The way I see it – you don’t want your body to always rely on a constant external energy source. There is a lot to be said for letting your glycogen stores deplete completely. You want to train your body to be used to running on empty, because I think this will ultimately force your body to burn fat more efficiently and in turn increase your running economy (think about how much more fat stores you have compared to glycogen). Then on race day, you can eat something half-way through and have a better response.
That being said, I like to test the waters a couple times during a 20 miler or something to figure out what will have the best effect when it comes time for competition.
My favorite mid-race fuel? Honey packets. I used to be a big advocate of GU, but I prefer my sugar to come from a more natural source these days.

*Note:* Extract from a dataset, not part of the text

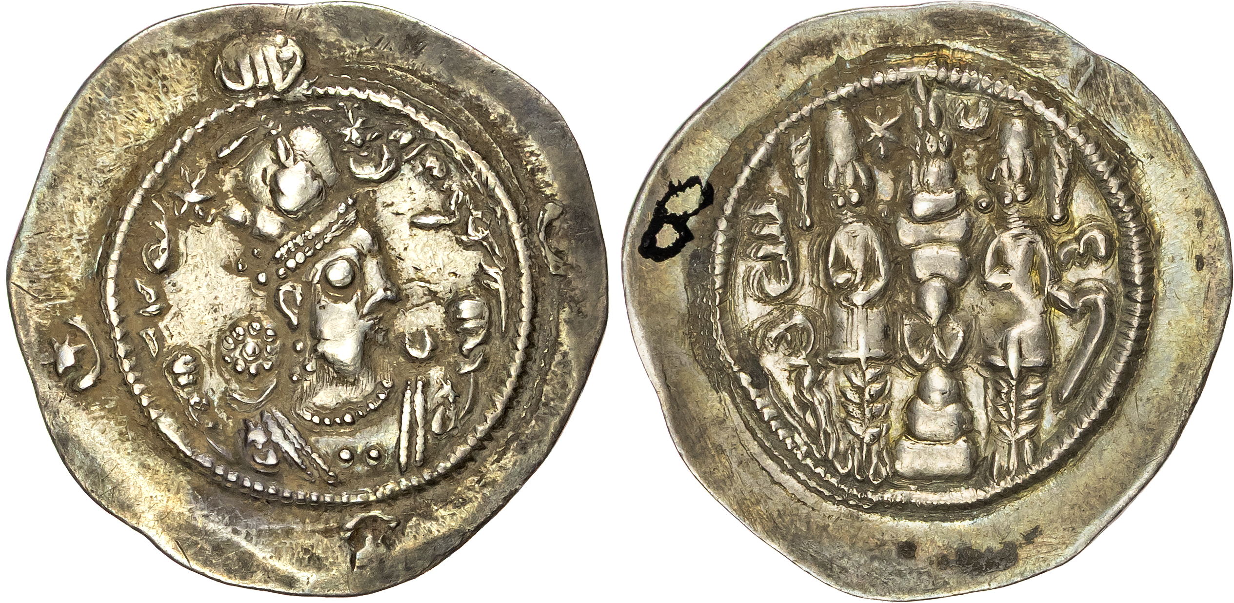 Sasanian, Hormizd IV (579-590 AD), silver Drachm, Year 13, Darabgird, 4.04g (Göbl I/1). About Extremely Fine, toned, ink number to reverse.

As for before hand.. A couple hours before a race or a long hard workout, sweet potatoes all the way. with almond butter and cinnamon on top – YUM. sometimes i even throw some honey on in there if I’m feelin’ real naughty.
Then When I’m about to walk out the door, Dates are my go-to. I like to take a few dates, fold some almonds in there and swish it around with water. It almost tastes like a larabar or something and I can immediately feel the energy boost.
I’d love to know what works for other people because i’m all about experimenting:)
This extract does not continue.